Drivers behind Georgian College's upgrade to Oracle Database 11g and Oracle Real Application Clusters were:
- To enhance the performance and uptime of its PeopleSoft Enterprise applications (version 9.0) spanning Campus Solutions, Financial Management, Human Capital Management, among others; and,
- Deliver a scalable system to handle spikes in traffic such as during student registration periods as well as accommodate a growing enrollment over the coming years.
The college migrated off of a legacy system that was expensive to maintain from a cost and resources perspective, and that also struggled under the burden of high volume of transactions during previous student registration periods resulting in downtime for student registration and administrative systems.
Since the upgrade, Georgian College's registrar office has experienced increased application performance and availability levels enabling the office to cut the registration window in half from what it was previously.

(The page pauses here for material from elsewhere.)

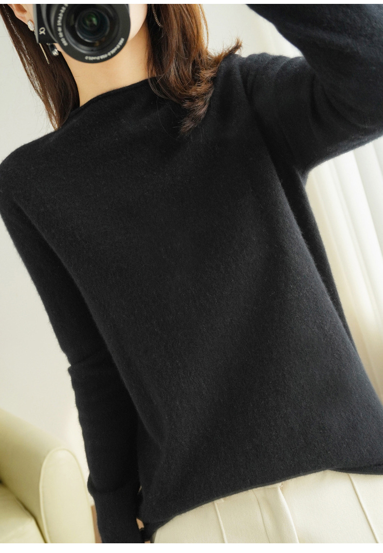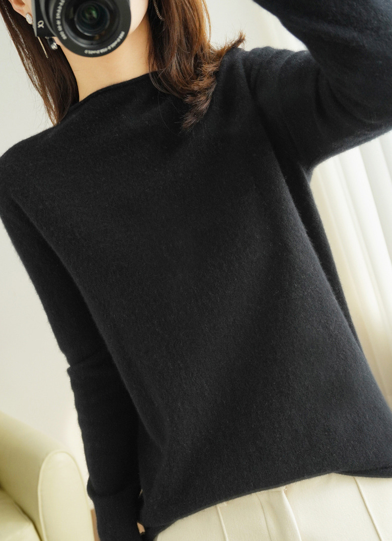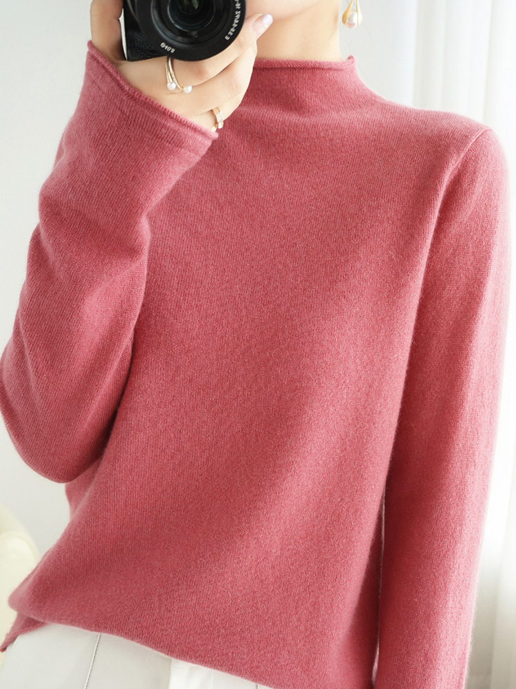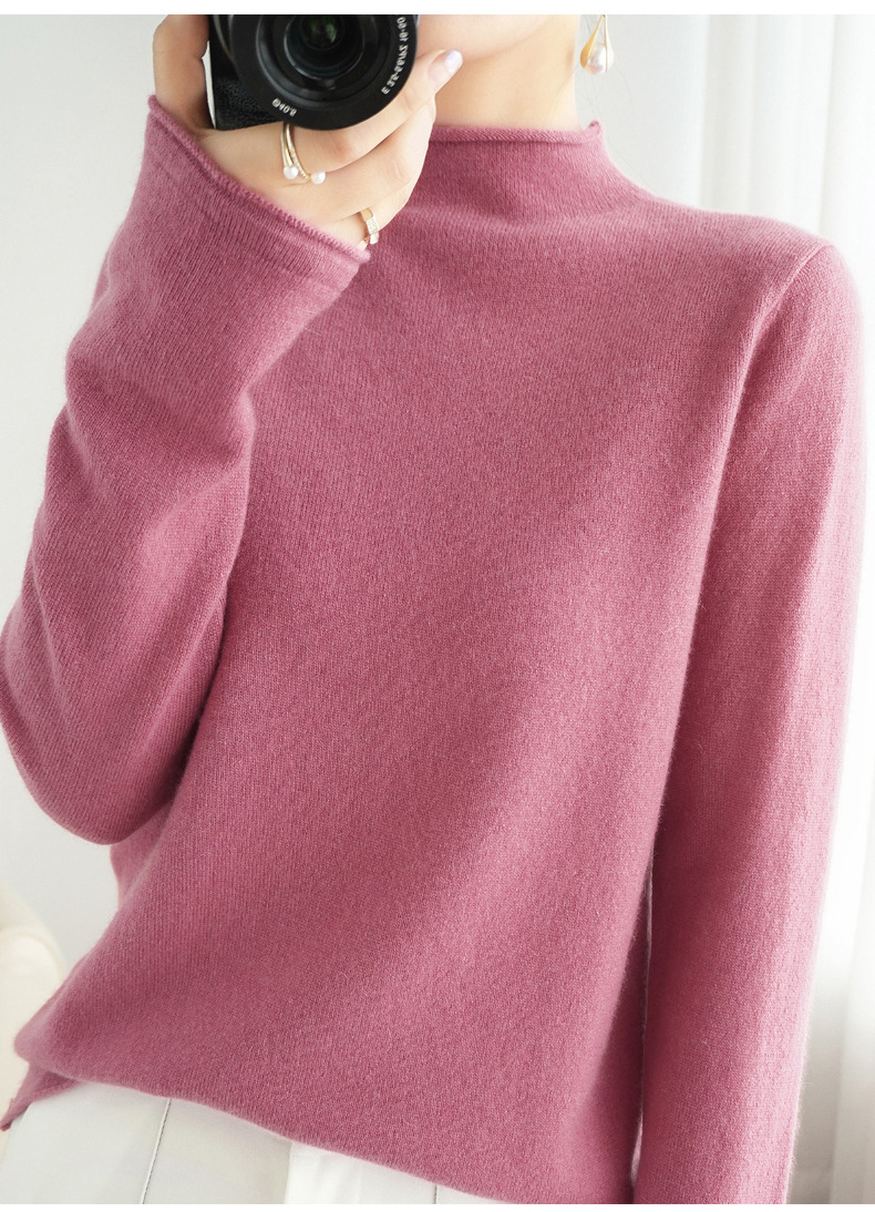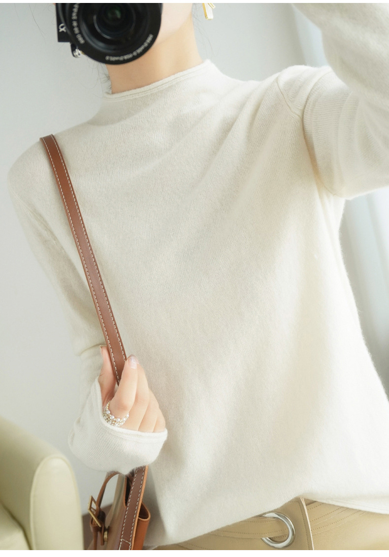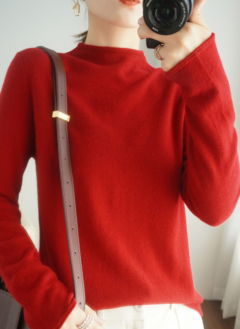 양모 하프 터틀넥 2025 가을 겨울 신상 여성용 짧은 풀오버 한국 스타일 슬림 니트 베이스 셔츠 스웨터스토어 가기

Overall, the college's testing - which concentrated on how various ancillary and legacy systems would behave in a cluster - revealed few issues and a dramatic boost in performance.
Georgian College's production and test clusters are comprised of four Dell M600s with Dual X5450 4-core Xeon Processors and 64 GB RAM.
"Reliability, performance and scalability were deciding factors behind our decision to move to Oracle Database 11g and Oracle Real Application Clusters", stated Terry Speare, Senior DBA, Georgian College. "Now our PeopleSoft Enterprise applications are performing like a top. Our constituents are ecstatic with the application uptime and performance we're experiencing."